Und auch dies noch: Es wird eifrig Sport betrieben. Im Futsal, einer Art Hallenfussball ohne Halle, qualifizierten sich 2008 die Jungs aus Rapa für die Weltmeisterschaften. Eine Gruppe junger Fussballer stieg in Rapa zu und dampfte mit uns weiter über Raivavae nach Papeete. Ihre Sänge und Tänze haben manchem Mitreisenden die Tränen in die Augen getrieben.
In Papeete würden sie bei der nationalen Meisterschaft antreten. Ein erstes Spiel haben wir noch miterlebt: Rapa gewann gegen Raraka mit 17:0 Toren. Die Nacht habe kein Ende genommen, meinte später ein Mitreisender.
Begehrtes Holz
Neben Missionaren und Walfängern sorgte eine dritte Gruppe für Aufsehen im Pazifik: die Blackbirder, Sklavenhändler der übelsten Sorte. Sie waren unterwegs, um Menschenmaterial für chilenische und peruanische Minen einzusammeln. Die Masche war immer die gleiche: Man lud die männliche, arbeitsfähige Bevölkerung zu einem Umtrunk auf das Schiff ein. Waren alle besoffen, fesselte man sie, warf sie ins unterste Deck und lichtete den Anker.
Auch Abenteurer auf der Suche nach Sandelholz fielen über die Insel her. Das aus dem Holz gewonnene ätherische Sandelholzöl wirkt krampflösend, antibakteriell und antiviral gegen Herpesviren. Aus dem rötlichen Kernholz gewonnenes, ätherisches Öl spielt eine wichtige Rolle in der Parfumindustrie. Das Holz wird fein zerkleinert, bevor aus ihm mithilfe von Wasserdampfdestillation das ätherische Öl gewonnen wird. Das dabei zusätzlich entstehende Sandelholzwasser macht die männliche Duftnote in vielen Parfums aus.
Monumentale Steinstatuen
Raivavae gehört zu den wenigen polynesischen Inseln, auf denen Tikis, teils monumentale Steinstatuen, errichtet wurden. Einen davon fanden wir in der Nähe des Dorfs Mahanatoa. Etwas versteckt, hinter einem abgewrackten Hühnerhof, thront der «Götterknabe» neben einem Marae, einem alten Kultplatz. Es wird erzählt, dass es sich um den einzigen erhaltenen, lächelnden Tiki handelt. Alle andern wurden von Missionaren zerhackt oder von Forschungsreisenden in Museen versteckt.

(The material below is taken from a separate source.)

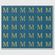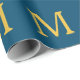 Monogram Initial Gold Blue Custom Name 2023 Wrapping Paper
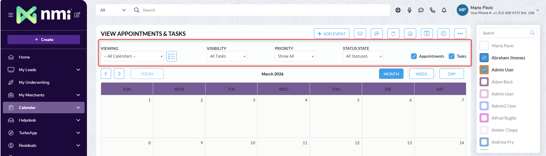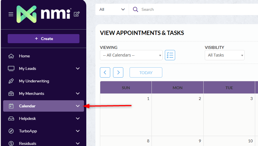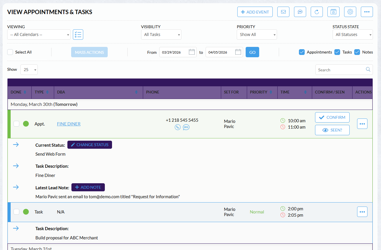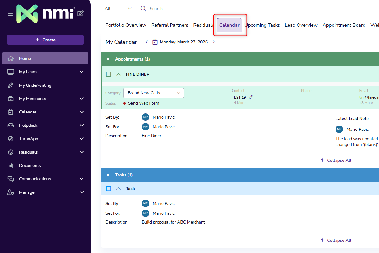 The Merchant Central Calendar provides a centralized space to manage tasks, appointments, and team schedules—helping you stay organized and keep work progressing efficiently. You can create tasks and appointments directly from the Calendar page or from within a Lead record.

Sandelholzbäume gibt es kaum mehr zu sehen, dafür umso mehr Blumen. Die ganze Bevölkerung begrüsst uns auf dem Dorfplatz. Man hat sich herausgeputzt, die Damen tragen üppigen Blumenschmuck, sogar ein alter Pick-up wurde damit bekränzt. Ein gewaltiges Buffet wurde aufgebaut, lokale Speisen werden zur Degustation angeboten. Nicht alles scheint verwestlichten Mägen zuträglich zu sein. Trotzdem muss man einfach zugreifen! Auch wenn man anschliessend feststellen sollte, dass eine Bratwurst besser schmeckt als die mit Krevetten gefüllten Hühnerbeine: Probieren geht über studieren.

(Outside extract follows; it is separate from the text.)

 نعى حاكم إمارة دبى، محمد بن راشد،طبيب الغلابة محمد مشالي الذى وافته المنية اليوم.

Morgen werden wir nach Papeete zurückkehren. Ob wir Pläne haben? Nein. Man macht hier keine Pläne. Man geht fischen, wenn das Wetter gut ist. Ansonsten aber ruht man sich aus.

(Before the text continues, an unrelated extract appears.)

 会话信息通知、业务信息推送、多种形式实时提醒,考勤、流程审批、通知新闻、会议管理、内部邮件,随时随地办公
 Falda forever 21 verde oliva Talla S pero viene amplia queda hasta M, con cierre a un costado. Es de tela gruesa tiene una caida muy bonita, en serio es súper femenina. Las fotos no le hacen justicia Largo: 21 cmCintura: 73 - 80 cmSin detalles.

In loser Folge ist in der «Volksstimme» die fünfteilige Serie zur Reise des Sissachers Hanspeter Gsell von den Gesellschaftsinseln über den Tuamotu-Archipel und die Gambier-Inseln zum südlichsten Archipel Französisch-Polynesiens, den Austral-Inseln erschienen. Die Serie ist damit abgeschlossen.